By guest author Irina Patterson
Irina: Do you have a number for what is a reasonable size?
Eric: I think there is no set number. I need to believe that the entrepreneur can build a big company. It depends what you mean by niche. A $500 million–dollar market where there is no real competition and the company can attain a significant portion of that of total available market might be unappealing to most investors, but it doesn’t necessarily bother me.

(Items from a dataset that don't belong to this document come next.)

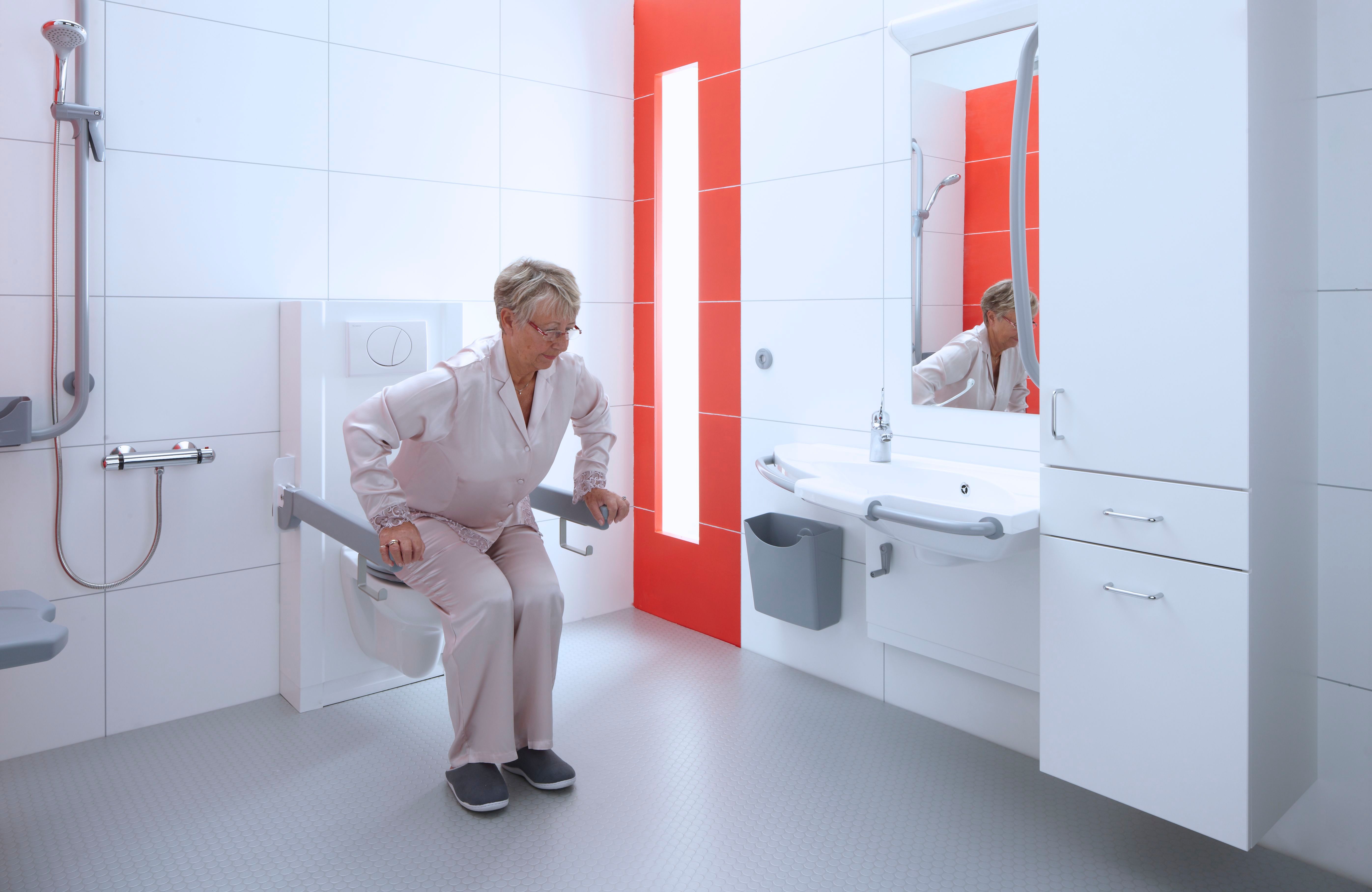 Aangrenzend de designvormgeving is dit badkamerconcept ook afgestemd op de bekrompen afmetingen in verzorgingshuizen, verpleeghuizen en ziekenhuizen (een rolstoelvriendelijke badkamer is daar vanzelfsprekend ook van belang). De doordachte indeling plus de in hoogte verstelbare badkamer hulpmiddelen en sterke antibacteriële handgrepen bij de zorg-wastafel, sta-op toilet, en het opklapbare douchezitje zorgen ervoor, dat zowel de gebruiker van de hulpmiddelen als de eventuele zorgverleners een optimale revenu verkrijgt. De gebruiker behoudt de zelfbeschikking en de verzorger wordt minder belast tijdens de werkzaamheden. De gehele aangepaste badkamer is getest en uitgevonden door echte mensen met een zorgachtergrond en niet door bijvoorbeeld architecten.
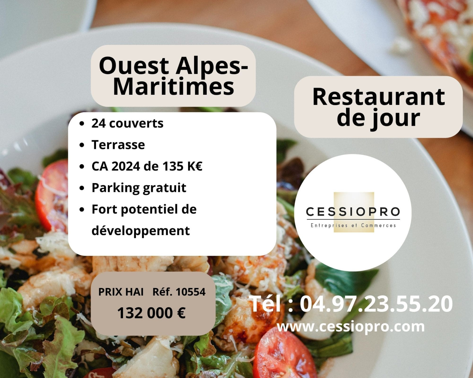 RESTAURANT de JOUR CA 135K€– OUEST ALPES-MARITIMES
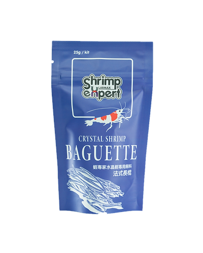 Baguette är ett näringsmässigt komplett foder speciellt utformat för daglig utfodring av kristallräkor, rekommenderat för nya sorters uppfödare, akvarie-växter, akvariebutiker och nybörjare.
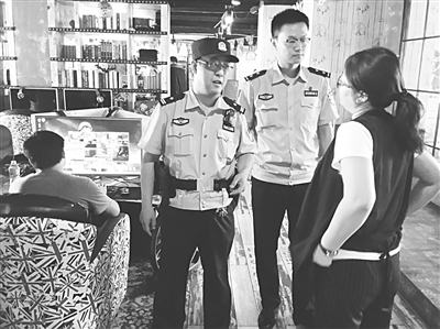 为预防夏季火灾的发生,石家庄市桥西公安分局彭后街派出所积极组织民警开展消防安全执法检查。图为7月9日,民警在辖区一家网吧检查时,提醒店主不得让上网人员在网吧吸烟,不听劝阻者将受到治安处罚,若不劝阻,经营者将受到相应处罚。 本报记者 牛鸿飞 摄

I feel that whereas there are a lot of companies that go after very large markets, when I look at their opportunity in that market I actually think it is too small because I don’t think they could be that important relative to the market size. Again, I think it is a multivariable question about the market size and how important the company can be in that market. And I think you have to consider both.
Irina: As far as the founders, do they have to have previous business experience?
Eric: Our CEOs range in age from eighteen to sixty. We are very open to investing in first-time CEOs, and we’ve done a lot of that. There we see enormous energy, enthusiasm, passion, and engagement, and we are very comfortable with this.
We believe that some of it is DNA, not experience. But if someone is already a master of the art, it is exiting to us as well. We have no aversion to entrepreneurs who have experience. And many of the very important companies will be built by first-time entrepreneurs; therefore, we are very interested in them. We invest in both types of entrepreneur.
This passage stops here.